Question

given: ab = 3x + 2; bc = 4x + 8; ac = 38
prove: x = 4

statements	reason
2. ab + bc = ac	2. angle addition postulate
3. 3x + 2 + 4x + 8 = 38	3. substitution property of equality
4. 7x + 10 = 38	4. combining like terms
5. 7x = 28	5. subtraction property of equality
6. x = 4	6. division property of equality

on which line, did daniel make his error?

• line 3
• line 5
• line 2
• line 4

Explanation:

Step1: Analyze Line 2

The problem involves segments \(AB\), \(BC\), and \(AC\). The correct postulate for segment addition (when \(B\) is between \(A\) and \(C\)) is the Segment Addition Postulate, not the Angle Addition Postulate.
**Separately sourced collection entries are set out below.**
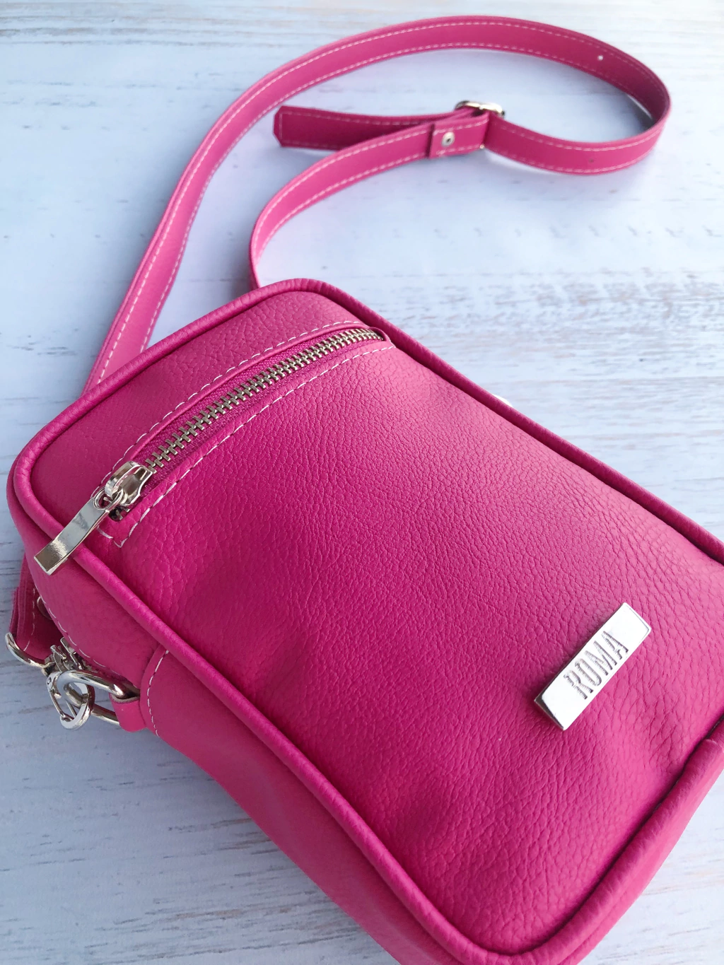 NUEVA!! MINI BAG de ecocuero color fucsia de 20 cm de alto x 13 cm de ancho x 5 cm de profundidad . Interior forrado con gross rayado. Bolsillo con cierre en la parte delantera y bolsillo sin cierre en la parte trasera. Entra todo lo que necesitás llevar: celu, billetera, llaves, alcohol.
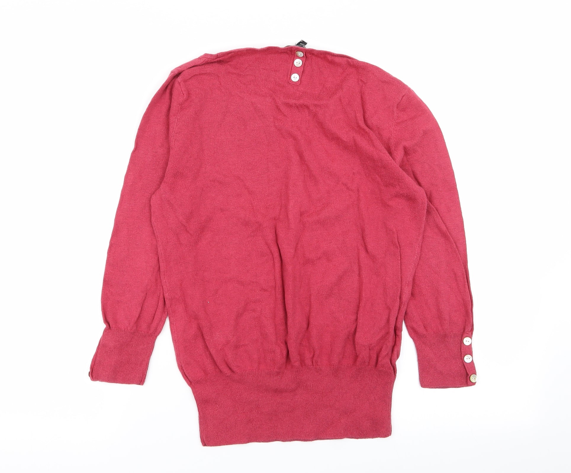 Olsen Women’s Pink V-Neck Long Sleeve Acrylic Cotton Jumper Size 14
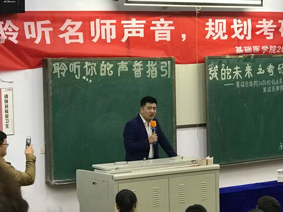 面对当前严峻的考研形势,2017年3月19日晚,基础医学院2014级临本第六团支部于教学楼109开展以“倾听名师声音 规划考研之路”为主题的团日活动。 中国考研辅导全程实力专家、全国硕士研究生考试资深顾问张雪峰应邀担任本次团日活动主讲人。张雪峰是绝对的“网红”,去年,张雪峰老师用幽默风趣的东北方言为学生们爆笑讲解考研知识的视频在网上疯狂传播,引起无数网友点击转发并爱上张雪峰老师的授课方式与授课内容。活动当日,张雪峰老师依然是全程高能,把一场严肃的知识性讲座变成了爆笑的喜剧剧场,他从大学地域的选择、英语的重要性、二级学科冷热程度不均匀、同一专业不同方向间冷热程度不同、面试前应该做什么等六个方面为同学们讲述了应该怎么正确选择院校。他也针对医学生的特点,重新对中国34所重点高校解析,开阔了同学们的眼界,使同学们明确了自己的选择方向。 此次团日活动不仅使同学们对如何选择考研院校有了一定新的认识和更深地理解,也对同学们的人生规划有一定的指导意义。 展团旗,唱团歌 张雪峰为大家讲考研知识 张雪峰签名 合影 作者:王文卿 郑佳琪 编辑:范萌 | ||||||||
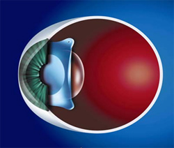 レーシックやPRKのようにエキシマレーザーを使って近視矯正をするのではなく、白内障の手術のように、眼内に人工のレンズを入れて、近視を矯正する方法です。白内障の手術と違う点は、白内障手術では、濁った水晶体を取り除き、その代わりに人工のレンズを眼内に入れるのに対して、有水晶体眼内レンズは、水晶体は取り除かずに、虹彩と水晶体の間(後房)に人工のレンズを入れます。

So line 2 has an error in the reason.

Step2: Verify Other Lines

• Line 3: Substituting \(AB = 3x + 2\), \(BC = 4x + 8\), and \(AC = 38\) into \(AB + BC = AC\) is correct (Substitution Property).
• Line 4: Combining \(3x+4x = 7x\) and \(2 + 8=10\) to get \(7x + 10 = 38\) is correct (Combining Like Terms).
• Line 5: Subtracting 10 from both sides (\(7x+10 - 10=38 - 10\)) gives \(7x = 28\), which is correct (Subtraction Property of Equality).

Answer:

line 2